So, yeah, I’m exhausted and I’ve only been back a week, but it’s a happy exhausted. Now, if I could just get my brain to shut off for longer than five hours, I could really enjoy a leisurely Saturday or Sunday morning.

I’m just a little bit scared…There, I said it. Yesterday, I began the work of coming back to work. I’ve been out of the world for almost a year because of some health issues and in six days, I’ll be back in my classroom.

Now, I know I’m a good teacher and I love what I do, but Twitter and my PLN have introduced me to a whole new world that I want to bring into my classroom, but can I do it in three months?

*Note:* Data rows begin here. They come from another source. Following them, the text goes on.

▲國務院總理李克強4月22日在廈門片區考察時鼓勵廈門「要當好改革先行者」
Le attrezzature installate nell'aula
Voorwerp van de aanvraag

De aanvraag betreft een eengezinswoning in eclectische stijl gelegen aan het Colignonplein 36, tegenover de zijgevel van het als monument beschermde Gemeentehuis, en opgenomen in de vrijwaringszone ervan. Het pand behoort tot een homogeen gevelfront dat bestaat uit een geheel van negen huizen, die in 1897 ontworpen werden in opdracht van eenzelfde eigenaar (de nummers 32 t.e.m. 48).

I’m scared that I’ll slip back into the ‘safe’ routine that was my classroom because it’ll be easier than tackling the new world I know exists. I have lesson plans in place (I created them for my covering teacher), but they’re the old way I taught and I want to embrace the things I’ve learned in the last two months and let my kids show me what they want to learn.

To be fair, I know that one of my classes will be easy because I already taught it the way I want to teach my other classes, but it’s the other classes that have me scared. Will the kids resist the change? Will the kids resist because it’s just easier to stick with the traditional method or they’re tired and don’t want to figure out something new? Will my colleagues think I’ve lost my mind in the past year? Will I care? All of these questions and many more are exploding in my brain and I needed to put it down on ‘paper’ so I could move on and get a move on with figuring out what I’m going to do with and for my kids.

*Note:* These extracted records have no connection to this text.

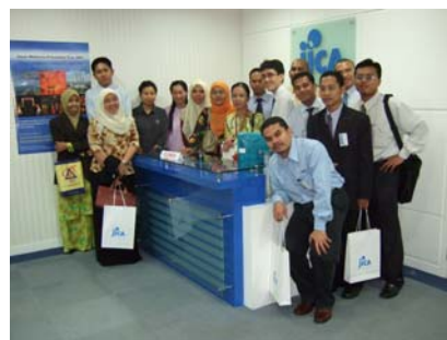
参加者全員で記念写真。「行ってきまーす！」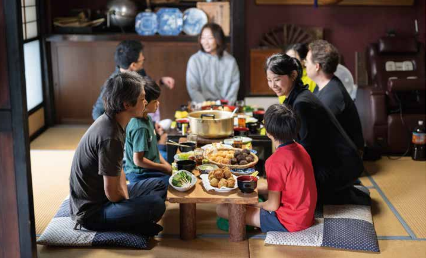
ウツリスム移住者交流会「古民家で郷土料理を味わおう！」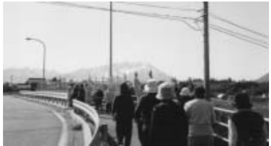
大山を見ながら、りんご橋の上で...

毎月末の水曜日、午前9時から45分程度歩きます。歩くコースはながめの美しいところばかりです。次回6月30日(水)は御来屋漁港まで歩く予定にしています。どなたでも参加できますので、当日9時までに保健福祉センターにお集まりください。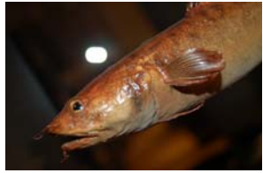
10-2- 3/5 motelle commune poisson osseux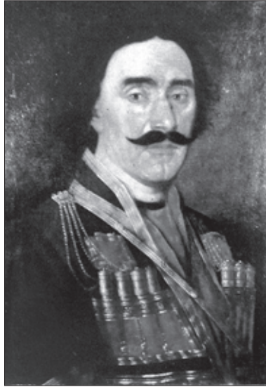
იმაერთის მეფე სოლომონ I

ამავე დროს სოლომონ მეფე დამხმარე ძალას დასავლეთ საქართველოს გარეთაც ეძებდა. 1758 წელს ლეკთა დიდი ჯარის უცვარი შემოსევისას თეიმურაზ-ერეკლემ დავით ქსნის ერისთავი გაგზავნეს იმერეთს და სოლომონ მეფეს დახმარება სთხოვეს. სოლომონმა სწრაფად მოაშველა ლაშქარი. ცოტა ხნის შემდეგ თვითონაც გადმოვიდა. „ნახა მეფენი გორს. დახვდნენ საყვარლად და გაისტუმრეს ისევ მიცემითა და შერიგდნენ პირითა მტკიცით; რომელსაც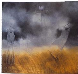
Figura # 2. Patricia Belli. Traje y Paisaje , 1991. Óleo sobre Tela.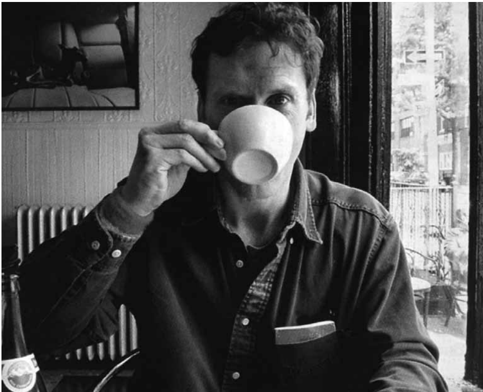
Zorniges „Enfant terrible“ der Theaterszene: Will Eno.

So, yep, I am just a little bit scared, a little bit worried, but most of all, I’m excited — a lot! I can hardly wait to tackle this next step and share where we go. The Twitterverse, the twenty odd blogs I follow, and my PLN have provided me with ample ideas and resources and I am ready to go and put them into action. So, look out world, here I come.

And thanks — for sharing, for listening, and for caring.

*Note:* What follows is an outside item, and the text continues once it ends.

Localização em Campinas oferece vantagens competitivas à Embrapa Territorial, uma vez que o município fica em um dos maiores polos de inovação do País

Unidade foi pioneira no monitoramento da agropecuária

I realized something today, less than five minutes ago really. I was watching this really incredible video from PBS about 21st Century Learners and I realized that I was hungry. (I haven’t figured out to embed the video into the post so here’s the link PBS – Digital Media – New Learners in the 21st Century)

I’m hungry. No, not for food, but for innovation and real change in my world and I haven’t felt like this since I was a new teacher. I’ve always been willing to try new things if they were good for my kids, but the more I watch, experience, learn — the more I want to be part of that change. I’m excited about teaching again! And, I have one blog post (Wright’s Room) shared by an incredible colleague (@technolit), my PLN and Twitter to thank for pointing me in this direction. Who’d have thought that February 1st would mark such a profound change for me?

I want to ‘flip’ my classroom! I want to turn all of my classes into passion-driven classes with project based learning. I want my kids to really learn and to take responsibility for their learning. (I didn’t realize I was already doing this in one of my classes; I just knew that it was good and that kids walked out learning real stuff that they will use in their lives.) I want to share with my friends and colleagues. I want to teach! I want to learn!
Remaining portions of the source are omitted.